То-то они все обрадовались, когда в среду, 4 июня, открылась дверь и вошел… кто бы вы думали? Ну, ясное дело кто! Прилизанный, чистенький, с железным крестом на геройской груди, глаза карие, ласковые, как у верного пса, рука — твердая, горячая, пожатие мужественное. Да это же он, наш Франц Биберкопф! Вот дела! Герберт и Ева чуть со стульев не попадали. Эмиль-то был в курсе дела и не без удовольствия поглядывал на Герберта и Еву: ишь как рты разинули! Ну и Франц, ну и пижон!

Герберт в восторге.

— Да ты теперь поди в шампанском купаешься?

А Ева ничего не понимает. Рука у него, что ли, новая выросла? Да вроде нет, правый рукав по-прежнему засунут в карман. Обняла Ева Франца, расцеловала.

— Ах, боже мой, Францекен, а мы-то все думали, как ты живешь. Волновались как, ты представить себе не можешь!

Франц обошел вокруг стола, всех расцеловал — Еву, Герберта и даже Эмиля.
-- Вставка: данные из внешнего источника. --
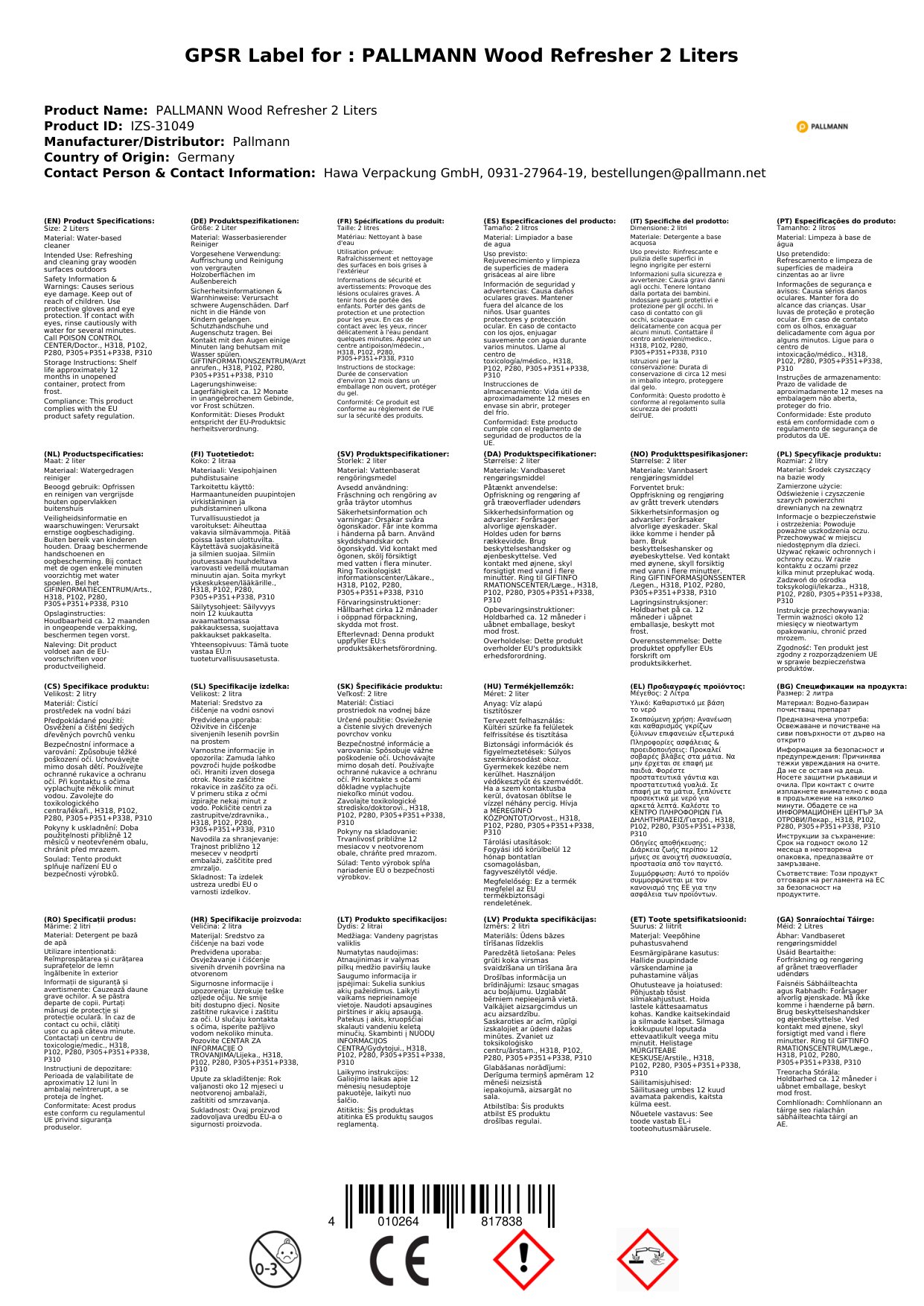 DANGER: Aicmiú de réir VO 1272/2008: H302 – Díobhálach má shlogtar. H318 – Is cúis le damáiste tromchúiseach súl.

— Ну, что мне сделается! — говорит. Потом подмигнул лукаво. — Ну, а как я вам нравлюсь в спортивном пиджаке? Я, брат, теперь герой войны.

А Ева ликует:

— Вот здорово! Смотри, какой молодец! Я так рада, так рада!

— И я тоже.

— Ну, а с кем ты теперь крутишь, Францекен?

— Кручу? Ах, вот ты про что! Тут все по-прежнему. Никого у меня нет.

Рассказал он все по порядку и пообещал Герберту выплатить весь свой долг до последнего пфеннига в течение ближайших месяцев. Герберт и Ева рассмеялись. Герберт помахал перед носом Франца коричневой тысячемарковой кредиткой.

— Хочешь, Франц? Бери, не стесняйся.

— Возьми, Франц, — просит Ева.

— Ни за что. Свои имеем. Если тебе уж так хочется, можно разменять эту тысчонку внизу, в пивной; от этого не откажусь!

НА СЦЕНЕ ПОЯВЛЯЕТСЯ ЖЕНЩИНА. ФРАНЦ БИБЕРКОПФ СНОВА В ПОЛНОЙ ФОРМЕ

Друзья благословили Франца на новую жизнь. Ева, которая все еще любит его, хочет пристроить ему одну девицу. Он отнекивается, говорит, что уже знает ее и что она ему не по вкусу.

— Да не знаешь ты ее. Герберт и то не знает! И откуда тебе знать эту девушку? Она совсем недавно в Берлине, а раньше жила в Бернау и приезжала сюда иногда по вечерам. Ну, я ее как-то встретила у Штеттинского вокзала и говорю: "Смотри, детка, погубишь себя, не езди ты в Берлин. Здесь ни одна не устоит". А она смеется. "Я же, говорит, только развлечься хочу…"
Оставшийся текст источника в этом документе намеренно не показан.